Date: Thu, 7 Feb 2013 13:35:38 -0500
From: Jeff Layton <jlayton@redhat.com>
To: "Myklebust, Trond" <Trond.Myklebust@netapp.com>
Cc: "J. Bruce Fields" <bfields@fieldses.org>,
        Chuck Lever <chuck.lever@oracle.com>,
        "linux-nfs@vger.kernel.org" <linux-nfs@vger.kernel.org>
Subject: Re: [PATCH v3 2/2] nfsd: keep a checksum of the first 256 bytes of
 request
Message-ID: <20130207133538.4dab321b@corrin.poochiereds.net>
In-Reply-To: <4FA345DA4F4AE44899BD2B03EEEC2FA91836525F@SACEXCMBX04-PRD.hq.netapp.com>
References: <1360248701-23963-1-git-send-email-jlayton@redhat.com>
	<1360248701-23963-3-git-send-email-jlayton@redhat.com>
	<DF2DA489-3D72-4DBF-8C65-1B7DA9866B63@oracle.com>
	<20130207160032.GF3222@fieldses.org>
	<4FA345DA4F4AE44899BD2B03EEEC2FA91836525F@SACEXCMBX04-PRD.hq.netapp.com>
Mime-Version: 1.0
Content-Type: text/plain; charset=US-ASCII
Sender: linux-nfs-owner@vger.kernel.org

On Thu, 7 Feb 2013 16:32:20 +0000
"Myklebust, Trond" <Trond.Myklebust@netapp.com> wrote:

> > -----Original Message-----
> > From: linux-nfs-owner@vger.kernel.org [mailto:linux-nfs-
> > owner@vger.kernel.org] On Behalf Of J. Bruce Fields
> > Sent: Thursday, February 07, 2013 11:01 AM
> > To: Chuck Lever
> > Cc: Jeff Layton; linux-nfs@vger.kernel.org
> > Subject: Re: [PATCH v3 2/2] nfsd: keep a checksum of the first 256 bytes of
> > request
> > 
> > On Thu, Feb 07, 2013 at 10:51:02AM -0500, Chuck Lever wrote:
> > >
> > > On Feb 7, 2013, at 9:51 AM, Jeff Layton <jlayton@redhat.com> wrote:
> > >
> > > > Now that we're allowing more DRC entries, it becomes a lot easier to
> > > > hit problems with XID collisions. In order to mitigate those,
> > > > calculate the crc32 of up to the first 256 bytes of each request
> > > > coming in and store that in the cache entry, along with the total
> > > > length of the request.
> > >
> > > I'm happy to see a checksummed DRC finally become reality for the
> > > Linux NFS server.
> > >
> > > Have you measured the CPU utilization impact and CPU cache footprint
> > > of performing a CRC computation for every incoming RPC?
> > 
> > Note this is over the first 256 bytes of the request--which we're probably just
> > about to read for xdr decoding anyway.
> 
> - Would it make sense perhaps to generate the checksum as you are reading the data?

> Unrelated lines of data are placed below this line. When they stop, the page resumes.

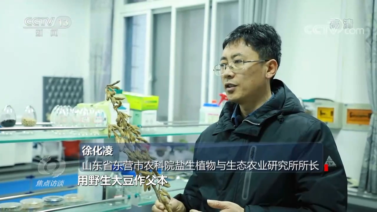 徐化凌说:“我们用栽培大豆作母本,用野生大豆作父本,经过杂交回交十几年,培育出了一个既耐盐又高产的系号,今年这个系号到海南去加代繁殖了,明年可以参加国家的大豆区实验。”
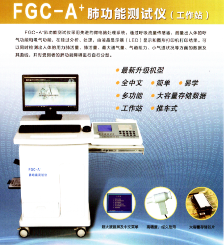 南京科悅醫療器械有限公司FGC-A+肺功能測試儀采用微電腦處理系統,通過呼吸流量傳感器,測量出人體的呼氣功能和吸氣功能,再經過分析、處理,由液晶顯示器(LCD)顯示和圖形打印機打印出結果。可以同時檢測出人體的用力肺活量,肺活量,最大通氣量,氣道阻力,小氣道狀況等方面的數據及其曲線,并對受測者的肺功能障礙進行全自動分析。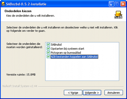 Surf op uw oude Windows XP-pc naar Sabnzbd en klik op Windows Installer in het blok get sabnzbd. Sla het bestand op en voer het uit. Kies Nederlands als taal en ga akkoord met de licentieovereenkomst. U dient vervolgens de onderdelen te kiezen die door het installatieprogramma geïnstalleerd moeten worden. Vink hierbij ook de opties Opstarten bij systeem start en NZB bestanden koppelen aan SABnzbd aan. Voltooi vervolgens de installatieprocedure en zorg dat in de laatste stap de optie Start SABnzbd (verborgen) is aangevinkt voordat u op Voltooien klikt.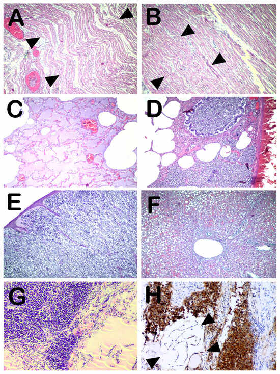 (A,B). Heart—left (A) and right ventricle (B). Area of myocardial fiber undulation indicating recent cardiac ischemia (arrowheads). No signs of myocardial inflammation are observed (H&E, 40×). (C). Lung—edematous fluid in the alveoli (H&E, 40×). (D). Lung—Catarrhal bronchitis with initial involvement of the closest alveoli, similar to an incipient bronchopneumonic focus. The presence of polymorphonuclear cells suggests a bacterial rather than viral etiology. No signs of ARDS are observed (H&E, 40×). (E). Skin—the skin overlying the neck mass is distended and thinned, massively infiltrated by neoplastic lymphoid elements (H&E, 40×). (F). Liver—the structure is preserved. Moderate steatosis with large hepatocyte liver droplets is observed (H&E, 40×). (G). Cervical mass—a compact proliferation of moderately differentiated, relatively monomorphic lymphoid elements is observed. The neoplasm infiltrates the thyroid tissue, which appears atrophic with follicles containing a small amount of cracked colloid fluid (bottom right) (H&E, 40×). (H). On immunohistochemistry, the lymphoid neoplastic population was uniformly and strongly positive for CD20 and CD10 (data shown in the Supplementary Materials). The infiltrated thyroid tissue is negative (arrowheads). The IHC results indicate the diagnosis of germinal center-related diffuse large B-cell lymphoma.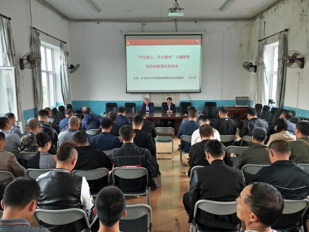 文学与历史文化学院副院长、硕士生导师黄志强副教授,为食品与生物工程学院、生命科学与农林学院(黑龙江省齐齐哈尔林业学校)的师生党员作了题为《弘扬红船精神 传承初心使命》的辅导报告。黄志强首先介绍了开展“不忘初心、牢记使命”主题教育的重大意义,随后重点讲述了中国共产党精神谱系的重要组成部分--红船精神的产生及其内涵。围绕建党实践铸就伟大的红船精神、红船精神及其内涵、红船精神的研究与践行等方面进行了深入的阐释和解读。指出“红船精神”内涵丰富、思想深邃,历久弥新、常学常新,是我们共产党人薪火相传的精神源泉、红色基因。
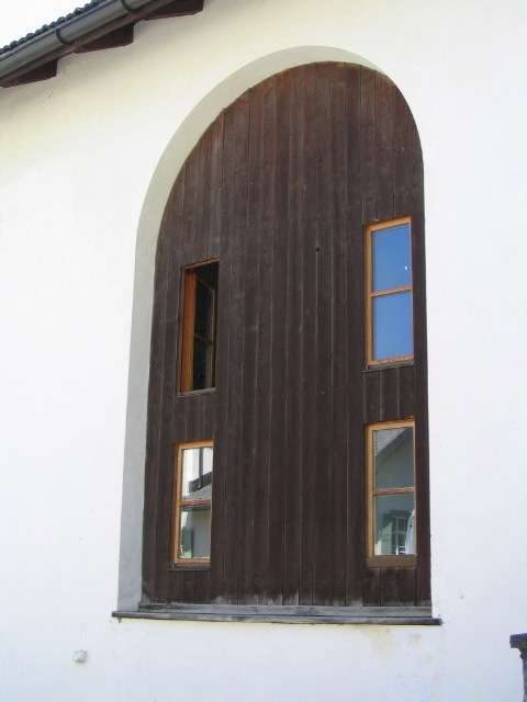 Formerly a single large opening, adapted into a wall with smaller windows.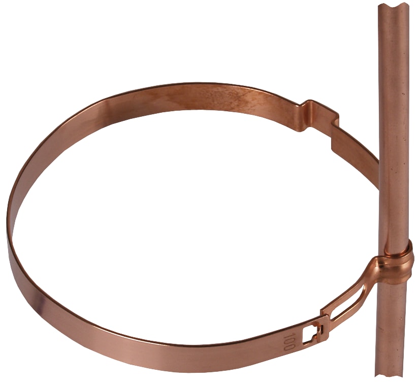 Staffa portafilo per la posa di calate su pluviali. Esecuzione tipo PS senza vite, con stampigliature per pinza, posa del conduttore fissa.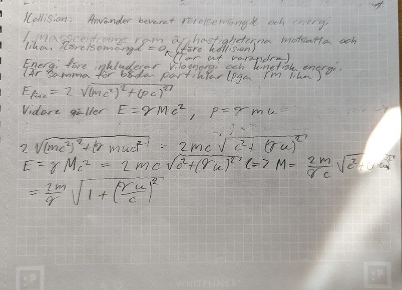 'Två kroppar, båda med vilomassan m, kolliderar rakt och fullständigt oelastiskt. Om de före kollisionen har relativ hastighet u, vad blir vilomassan för den sammanslagna kroppen? (tips: skriv ned bevarande av rörelsemängd, och eliminera den nya hastigheten m.h.a den hyperboliska 1an)'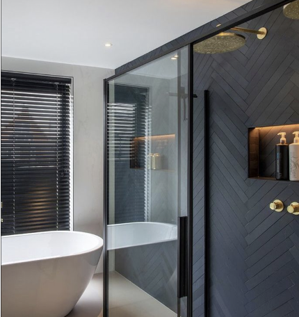 create a serene and luxurious bathroom scene based on the given layout the room dimensions are approximately 6 x 11 design a modern japanese scandinavian bathroom from the pov of the entry on the right is the toilet followed by a minimalist walnut wood floating vanity with a sink sunk into it on either side of the mirror and handblown glass light fixtures in front of the viewer on the back wall is a fully enclosed shower area a dark green tiled spa steam shower the doors to the shower slide and seal to hold in steam on the left opposite the vanity include a dark brown stone freestanding oval bathtub on the left that sits directly on the floor include two small windows on the left above the tub that allow direct sunlight in use a color palette of neutral tones charcoal wood stone for a zen calming effect with matte brass fixtures the atmosphere should be peaceful and spa like inviting relaxation and tranquility no plants add dark walnut herringbone flooring
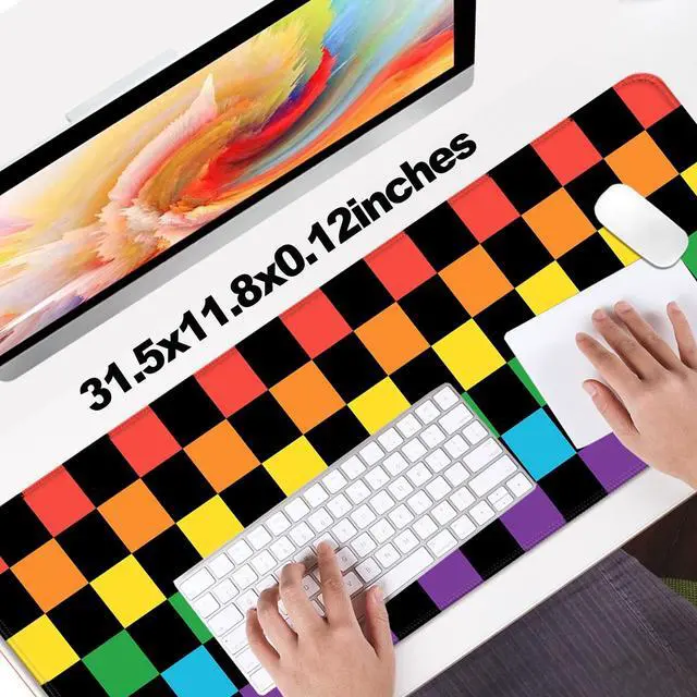 JIANG100 Retro Checkered Gaming Desk Mat, Computer Keyboard Large Extended Long Mouse Pad for Office and Home, XL(H07)

It would be nice, but that would require some significant
reengineering, AFAICT. I'm not sure this is worth doing all of that,
but maybe there's an easy way to do that that I'm not seeing.

> - Also, is 256 bytes sufficient? How far does that get you with your average WRITE compound?

Mostly that length comes from a bug we had opened a while back which was
entitled "Oracle has insisted of all the NAS vendors that for all the
dNFS IO, the first 200 bytes check-sum of every write to be validated
before the commit takes place." The bug is marked private or I'd post a
link to it here.

In any case, the title is poorly worded, but basically they were saying
we should checksum the first 200 bytes of write data as a guard against
xid collisions in the DRC. I rounded it up to 256 just because I like
powers of 2 and we needed some extra to cover the NFS header anyway.

We could always extend that, or even make it variable based on some
criteria.

> - Could the integrity checksum in RPCSEC_GSS/krbi be reused as a DRC checksum?
> 

Sadly, no. As Bruce pointed out, that has GSSAPI sequence numbers,
which change on a retransmit. Scraping the checksum out of the TCP/UDP
headers somehow is also problematic for similar reasons...

-- 
Jeff Layton <jlayton@redhat.com>